De nouveau, il raccroche brusquement. Je suis « sa » Bella. Comme une idiote, je serre mon portable contre mon cœur tout en m'agitant sur mon lit. Non seulement il m'a rassuré ce con mais en plus, il me considère comme sienne. Et surtout Tanya ne l'intéresse pas. Je l'aime, je l'aime, je l'aime, je l'aime.


Un chapitre avec énormément de choses, où l'on se rend compte que Bella intervient quand Isabella est de sortie. Alors oui, j'adore Vienne, et je me suis lâchée sur les liens sur mon profil. Vous trouverez la Hofburg, Sconbrunn et Sissi avec ses étoiles.

Vous avez pu découvrir la naissance d'Isabella Volturi en tant que fille de la mafia.
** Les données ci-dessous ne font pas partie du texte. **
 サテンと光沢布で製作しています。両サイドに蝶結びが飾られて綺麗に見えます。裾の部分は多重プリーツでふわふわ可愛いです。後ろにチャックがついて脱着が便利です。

Ce souvenir aurait du apparaître au chapitre des retrouvailles mais je ne voulais qu'il soit occulté par passage que tout le monde attendait, le retour d'Edward. Bien évidemment, je ne cautionne pas les soirées orgiaques !

Ensuite, Bella et Edward qui s'agacent au téléphone, mais c'est leur manière de fonctionner. J'adore écrire leurs incartades, c'est assez jubilatoire.
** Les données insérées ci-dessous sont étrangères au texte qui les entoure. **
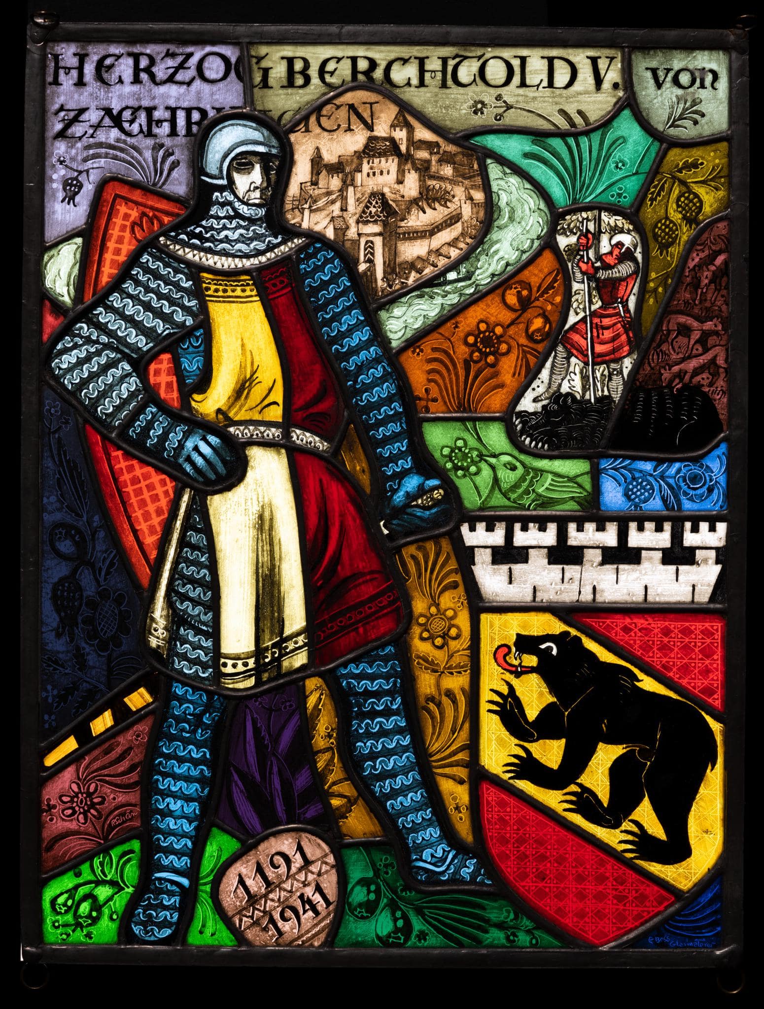 Breitbeinig steht der Stadtgründer Herzog Berchtold V. von Zähringen neben dem Bernerwappen mit Zinnenkrone. Farbige, mit Pflanzen- und Tiermotiven belegte Glasstücke bilden den Hintergrund. Dazwischen sind die Stadt Bern nach ihrer Gründung 1191 mit der Nydeggburg sowie ein herzoglicher Jäger bei der Erlegung des Bären dargestellt. Letzterer spielt auf die Gründungssage Berns an, nach der das erste erlegte Tier – ein Bär – zum Namen der Stadt geführt habe.

Isabella qui défend son Edward face à une Tanya croqueuse d'homme. Bon c'est souvent Tanya qui a le mauvais rôle mais bon, il en faut bien une. Et même si je n'épargne pas Alice, je ne peux pas totalement lui donner un rôle de méchante.
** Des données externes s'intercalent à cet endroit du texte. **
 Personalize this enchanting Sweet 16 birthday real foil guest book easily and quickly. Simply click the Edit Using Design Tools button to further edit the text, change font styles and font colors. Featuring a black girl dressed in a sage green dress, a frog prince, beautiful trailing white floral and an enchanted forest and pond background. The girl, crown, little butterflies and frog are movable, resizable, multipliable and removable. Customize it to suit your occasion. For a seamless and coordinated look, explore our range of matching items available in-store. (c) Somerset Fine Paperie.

Enfin une dernière conversation qui promet pleins de choses pour le prochain chapitre.

Sur ce, à samedi prochain.

Cokochocolatine

« Les tragédies de l'Histoire révèlent les grands hommes ; mais ce sont les médiocres qui provoquent les tragédies. » Maurice Druon. Les Rois Maudits


Titine : Et oui, enfin ! Il est lent à la détente le pauvre…Bise.

Lilly-Rose : Merci bien pour ton commentaire. Comme tu as pu le voir, il est bien plus question d'Isabella que de Bella, mais bon, il en faut. Bise.

Aussidagility : Pourquoi Edward ne rejoint-il pas Bella ? Il ne veut pas se mêler de ses affaires criminelles, et puis elle ne le lui a pas proposé. De surcroit ce serait l'exposer d'avantage au danger. Enfin, bref toutes les raisons du monde pour qu'Edward n'aille pas à Vienne. Mais oui, Alberto et Alfred : même combat ! A dans 3 semaines. Bise.